Но поэтическая вера Кековой иная. Ее мир порой страшен, порой безумен, порой мертв, всегда — печален, но безобразия в нем нет, даже если поэт произносит само это слово как диагноз состоянию бытия. У Заболоцкого форма соответствует содержанию, у Кековой — преодолевает его на путях воцерковления личности и художественного слова. Она стремится следовать словам апостола Иоанна: «Мы знаем, что мы от Бога и что весь мир лежит во зле. Знаем также, что Сын Божий пришел и дал нам свет и разум, да познаем Бога истинного и да будем в истинном Сыне Его Иисусе Христе.
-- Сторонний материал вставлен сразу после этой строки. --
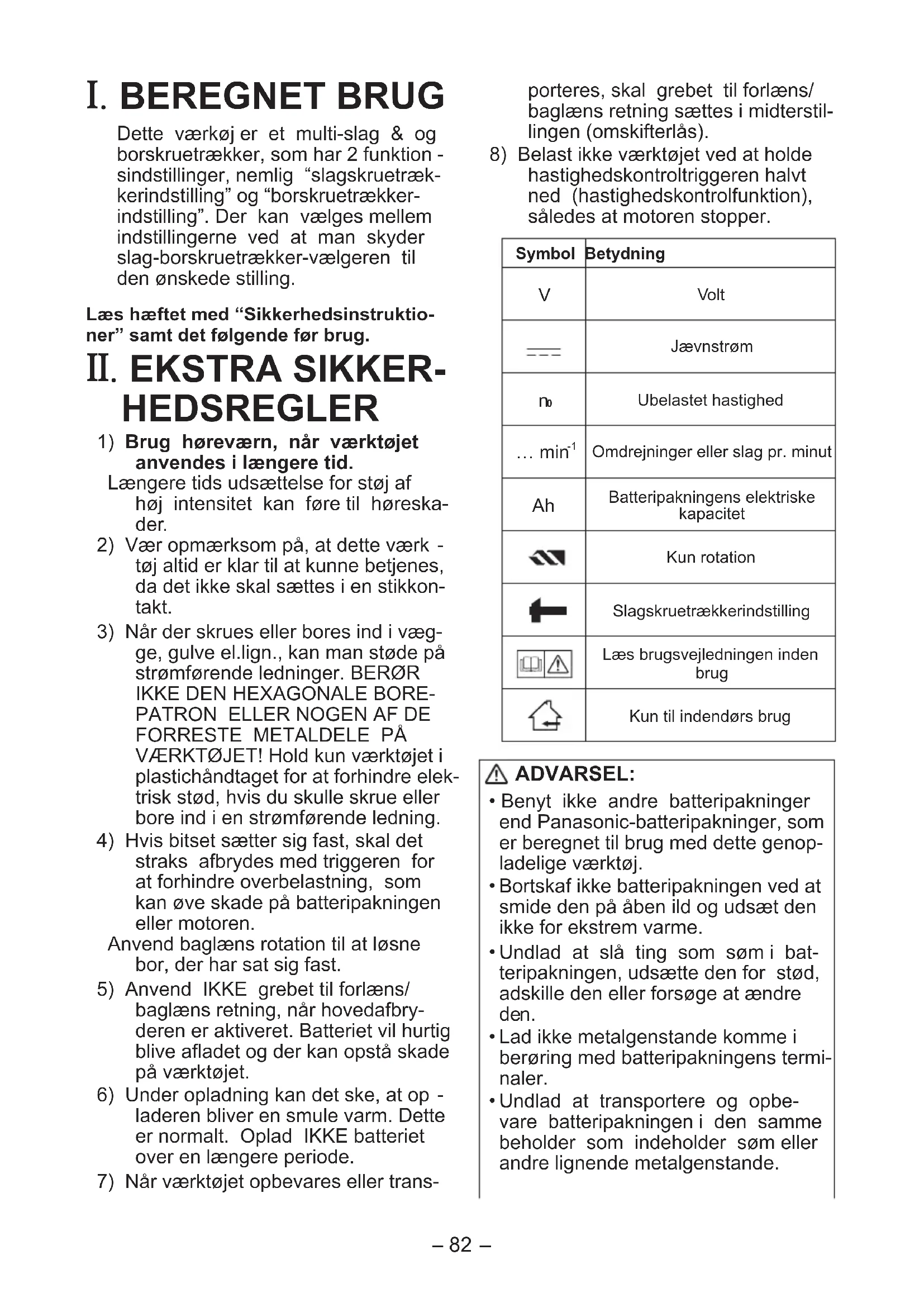 Dette værktøj ma ikke anvendes som et bor i "slagskruetrækkerindstilling". Under boring i stål kan bitset brække, hvis det blokeres, hvilket kan fore til farlige snitsår.
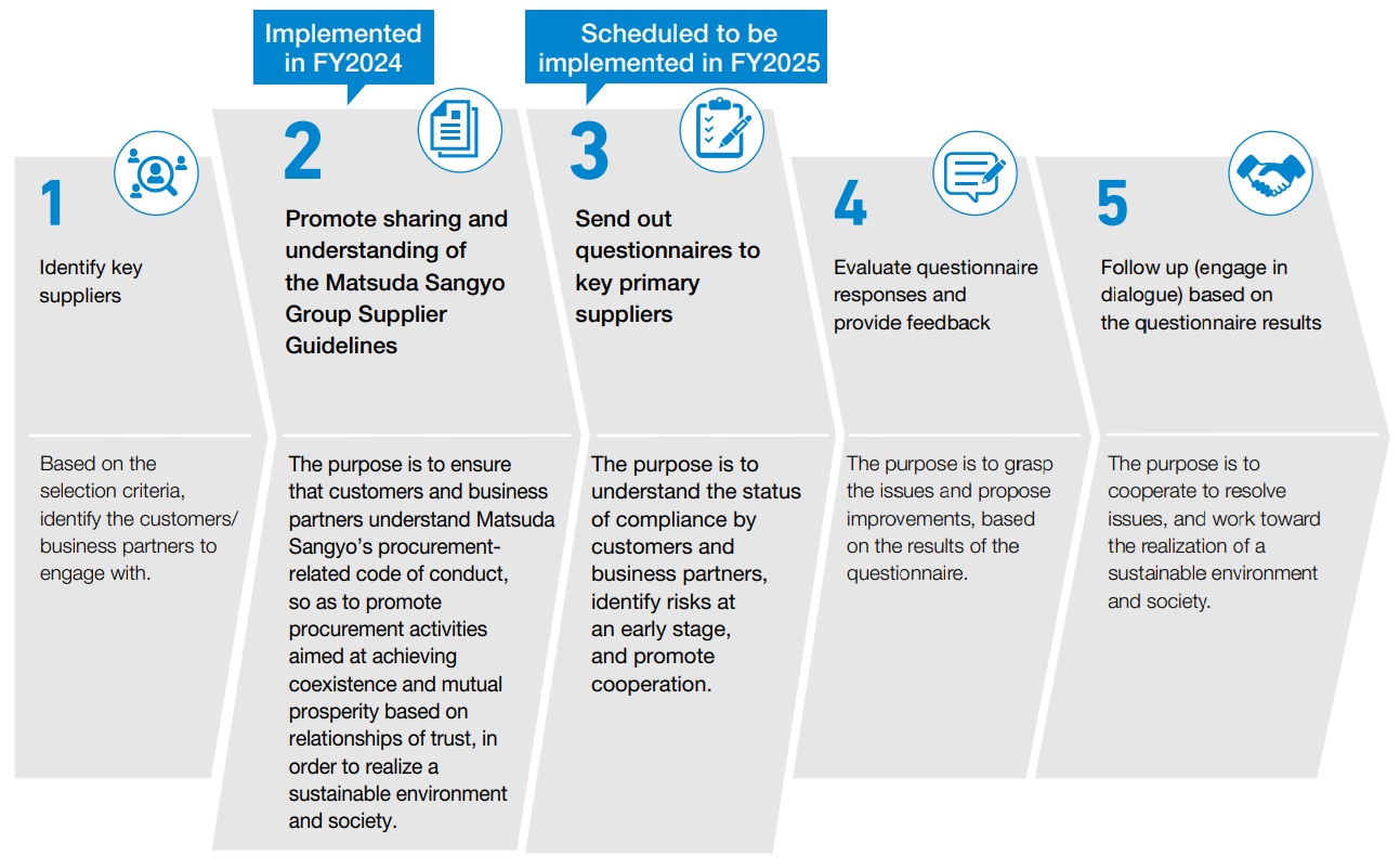 Through the publication of the Matsuda Sangyo Group Supplier Guidelines and other initiatives, we ask for the understanding and cooperation of our business partners, and at the same time, work on building supplier engagement with our key business partners to strengthen relationships and achieve coexistence and mutual prosperity

Сей есть истинный Бог и жизнь вечная» [1 Ин. 5:19,20].
Преображение мира происходит медленно и мучительно, порой незаметно, так сказать, «на глаз», то есть в пределах одного стихотворения:
Как механизм любви работает в аду?
И грешники любить способны.
В
муках адских
мы у страстей своих идем на поводу.
Да, живы мертвецы в больших
могилах братских,
когда они в земле лежат лицом
к лицу —
кто в платьице простом,
кто в сапогах солдатских.
Но что в конце концов доступно
мертвецу?
Там, говорят, в земле,
иные
формы жизни,
а значит, и любви.
Ранние стихи Кековой показывают жизнь как путь через адскую пустыню Египта. Образ Египта, языческого востока, реки Нил (она же Волга) — один из ключевых в ее творчестве. Египет — это царство окончательной смерти. У этого образа два источника. Первый пласт очевиден — «Книга мертвых» как наиболее известная нам языческая мифология смерти. Второй пласт — христианский (вывод из Египта евреев Моисеем) — дан в подтексте. Духовный смысл этого события повторяется в наши дни: человек, прежде чем достичь земли обетованной, то есть встречи с Богом, должен пройти через безблагодатную пустыню своей души, через ад безотрадной жизни. Этот путь страшен, но только он ведет из смерти в жизнь[4]:
Мертвец в потертой фрачной паре
бредет сквозь землю напролом
туда, где слов толпятся твари
и где царица Нефертари
сидит за шахматным столом.
Подземным солнцем отогреты,
пустые открывают рты
гробницы, камни, амулеты,
деревья, птицы и цветы.
Вот — мясо и лепешки с тмином,
в кувшинах теплая вода,
и спит дитя в кольце змеином,
и не проснется никогда.
Как это не похоже на демонообразных детей Заболоцкого, чей портрет дан в таких стихах, как «Фигуры сна», например, сколько материнской нежности, жалости в этом образе мертвого ребенка!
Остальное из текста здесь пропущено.